Makers need roads and bridges. Bookmakers don't.

Our roads are crumbling. Our bridges are falling down. But when you don't make anything you don't need raw materials brought to you, and you don't need products shipped to market. You don't even need public transportation so your employees can get to work -- because ideally you won't have any employees.

The Society of Civil Engineers says it will take $2.2 trillion to restore our crumbling infrastructure -- money that would also create jobs. That boost would help everybody, including the Makers. Everybody, that is, except the Bookies. So we're not spending the money, and under their agenda we never will. If they prevail, the results are estimated to include $3.1 trillion in lost economic growth, "Maker" businesses paying an added $430 billion in transportation costs, and household incomes falling by more than $7,000 annually.

The Bookies don't care. They like their special tax breaks.

Makers need a market for their products. Bookmakers don't.

One of the reasons both parties supported a thriving middle class is because that created a lot more people who could buy cars and televisions -- and, later, computers and cell phones. But bookmakers don't need a market for their products, because they don't make anything.

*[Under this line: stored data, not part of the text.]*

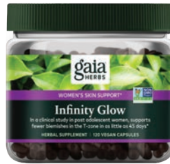
Gaia Herbs Infinity Glow SRP: $42.99 Booth: 3843
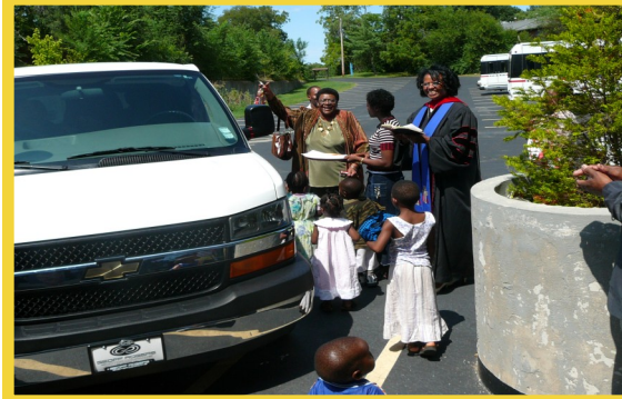
National Committee member visiting a transportation project in St. Louis, MO
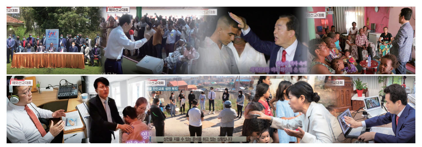
Manmin world mission is being actively carried out through missionaries who dedicate themselves to preaching the gospel of the Lord through the works of the power and the holiness gospel. (from the video "the 2021 Overseas Mission").

Wall Street speculation and the job losses that can result doesn't faze them. Neither do declining wages, growing wealth inequality or lost social mobility. Those things may deprive the Makers of paying customers. But the Bookies can bet against the Makers as easily as they can bet in favor of them.

Makers need a planet which is hospitable to human life. Bookmakers don't.

Ever wonder how people can care so little for the future of the planet? That's easy: Climate change's greatest devastation won't begin for decades. Bookmakers only worry about the next quarterly report.

And as the air and water quality decline, they know they'll be able to move to other, more hospitable climes.

Hedging Tomorrow

The novel Interface was co-authored by renowned sci-fi author Neal Stephenson. Unlike Cory Doctorow, I'm not sure it's one of his best works. Literary questions aside, its premise is flawed: Today's ultra-rich don't want to get your opinions so they can tell politicians what to think. They intend to tell you what to think, and they may have the resources to do it.

But then, Neal Stephenson couldn't have known that back in the pre-Citizens United days of 1994.

The Bookies have a message for the future -- for the millions who will become refugees because of coastal flooding, for the growing ranks of the impoverished at home and abroad, for those who would have no hope of a better life if their agenda is enacted. The message is this:

"We'll never convince you to take personal responsibility for your lives ..."

That kind of talk may be illogical and cruel, but it lets them anesthetize their own consciences so they can close the next deal. It even lets them shut out any thought of the world their own descendants will inherit.

Our children's children's children: What a bunch of takers.

Who are the powerful people Mitt Romney represents? They're the Bookies. They build nothing, create nothing, contribute nothing. They gamble on the futures of others and don't care who wins or loses. They're radical, and they're angry (See "The Radical Rich"). And, increasingly, they're in control.

Grim forecasts don't necessarily disturb them. They can hedge anything, even the future. And they'll be dead and gone before the coming generations pay the greatest price of their success. In the meantime there's good money to be made. You can even make a profit by betting against tomorrow.

It's like they say: There's a market for everything.